In einer seltenen Anerkennung hat Irans oberster Führer, Ayatollah Ali Khamenei, eingeräumt, dass 'Tausende' bei den jüngsten landesweiten Protesten ums Leben gekommen sind. Dies ist das erste Mal, dass die höchste Autorität des Landes die beunruhigende Zahl der Todesopfer öffentlich diskutiert hat. Die Erklärung erfolgte während einer Fernsehansprache, in der Khamenei das, was er als 'bewaffnete Randalierer' bezeichnete, und ausländische Einmischung für die Gewalt verantwortlich machte, die den Iran seit Wochen erschüttert.

Beispiellose Anerkennung unter wachsendem Druck

Menschenrechtsorganisationen dokumentieren die steigende Zahl der Todesopfer seit Beginn der Proteste am 28. Dezember 2025. Schätzungen zufolge übersteigt die Zahl mittlerweile 3.000 Tote, wie etwa von Reuters berichtet. Die Proteste, die als Demonstrationen gegen wirtschaftliche Probleme und steigende Inflation begannen, entwickelten sich schnell zu breiteren regierungsfeindlichen Bewegungen, die einen Regimewechsel forderten.

'Einige Demonstranten sind auf brutale und unmenschliche Weise getötet worden,' erklärte Khamenei in seiner Rede, während er gleichzeitig die Schuld auf das verschob, was er als von ausländischen Mächten unterstützte Saboteure beschrieb. Er beschuldigte insbesondere den ehemaligen US-Präsidenten Donald Trump der direkten Beteiligung und behauptete, 'der amerikanische Präsident selbst ist Teil des Aufstands.'

Internationale Dimension und externe Unterstützung

Die Proteste haben internationale Aufmerksamkeit erregt, wobei iranische Diaspora-Gemeinschaften in ganz Europa und Nordamerika Solidaritätsdemonstrationen organisierten. In Städten wie Zürich, London und Den Haag wurden Demonstranten mit prä-revolutionären iranischen Flaggen und Unterstützungsbekundungen für Reza Pahlavi, den verbannten Sohn des letzten Schahs des Iran, gesehen.

Laut Wikipedia-Dokumentation handelt es sich um den größten Aufstand seit der Islamischen Revolution von 1979, der sich über 512 Orte in allen 31 Provinzen erstreckt. Die Reaktion der Regierung umfasste weit verbreitete Internetstörungen, Massenverhaftungen und den Einsatz von scharfer Munition gegen Demonstranten.
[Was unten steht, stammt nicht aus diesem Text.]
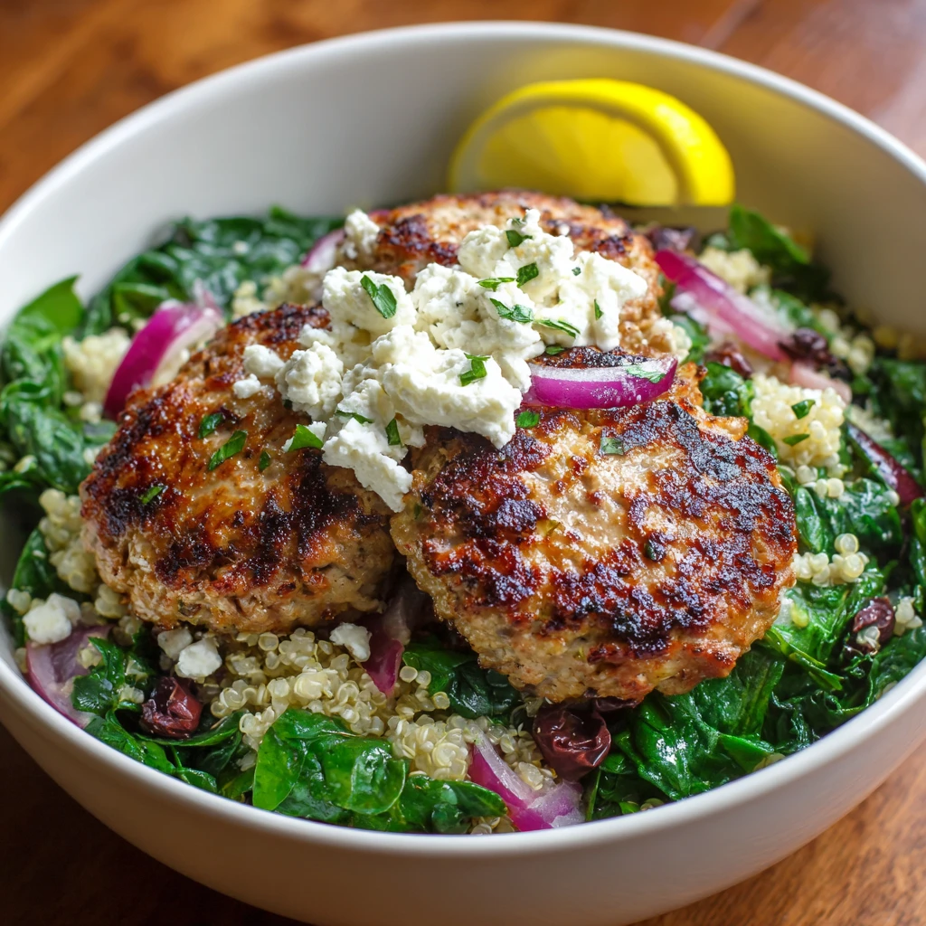 These Spinach Feta Turkey Burger Bowls are a healthy, flavorful, and customizable meal that’s perfect for a quick weeknight dinner or meal prepping for lunch.
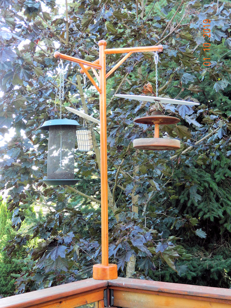 The horizontal arm (right side) has been slowly slumping for the past year and will likely fall off soon. This is it's fourth year in the elements and the seed feeder is much heaver that the others.
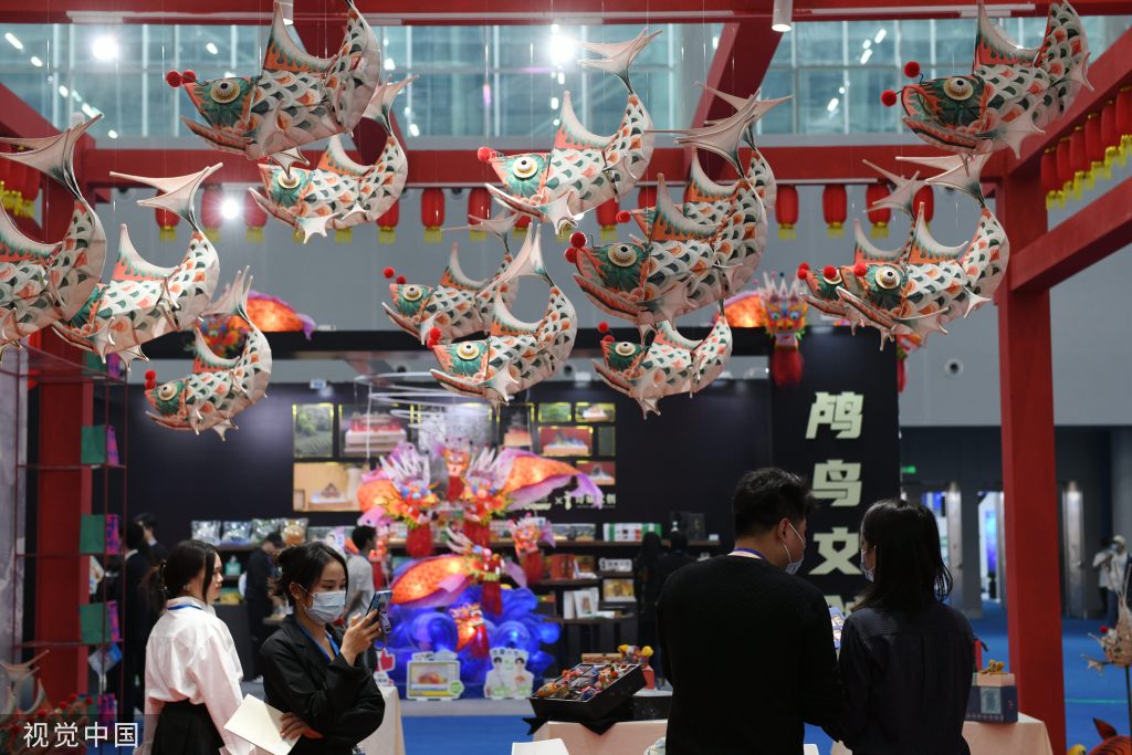 La gente visita el área de productos culturales y creativos en la exhibición de la industria cultural en Guangzhou, provincia de Guangdong, el 9 de marzo de 2023. [Foto/VCG]

Wirtschaftliche Wurzeln und politische Entwicklung

Die Proteste brachen zunächst über wirtschaftliche Missstände aus, darunter Rekordinflation, steigende Lebensmittelpreise und Währungsabwertung, die durch internationale Sanktionen verschärft wurden. Doch wie in einer CBC News-Analyse festgestellt wurde, verwandelte sich die Bewegung schnell in politischen Widerstand gegen das geistliche Establishment des Iran, wobei Parolen wie 'Tod dem Diktator' zur Normalität wurden.

Der 86-jährige Khamenei, der seit 1989 nach dem Tod von Ayatollah Khomeini als Oberster Führer dient, sieht sich einer der bedeutendsten Herausforderungen seiner Herrschaft gegenüber. Seine Anerkennung von Tausenden Toten stellt eine strategische Abkehr von früheren Leugnungen dar und erfolgt vor dem Hintergrund von Berichten, dass die Protestaktivitäten in den letzten Tagen nachgelassen haben, obwohl die Überwachung aufgrund von Internetbeschränkungen weiterhin schwierig ist.

Regionale und globale Implikationen

Die Situation hat breitere Auswirkungen auf die Stabilität im Nahen Osten. Die Europäische Agentur für Flugsicherheit (EASA) rät Fluggesellschaften, den iranischen Luftraum zu meiden. Unterdessen positioniert sich Reza Pahlavi aktiv als mögliche Übergangsfigur, obwohl seine Behauptungen über Unterstützung aus dem iranischen Sicherheitsapparat laut The National unbestätigt bleiben.

Während die internationale Gemeinschaft aufmerksam zuschaut, deutet die Anerkennung durch Irans höchste Autorität darauf hin, dass das Regime die Ernsthaftigkeit der Krise erkennt, während es versucht, die Erzählung über Ursachen und Folgen zu kontrollieren.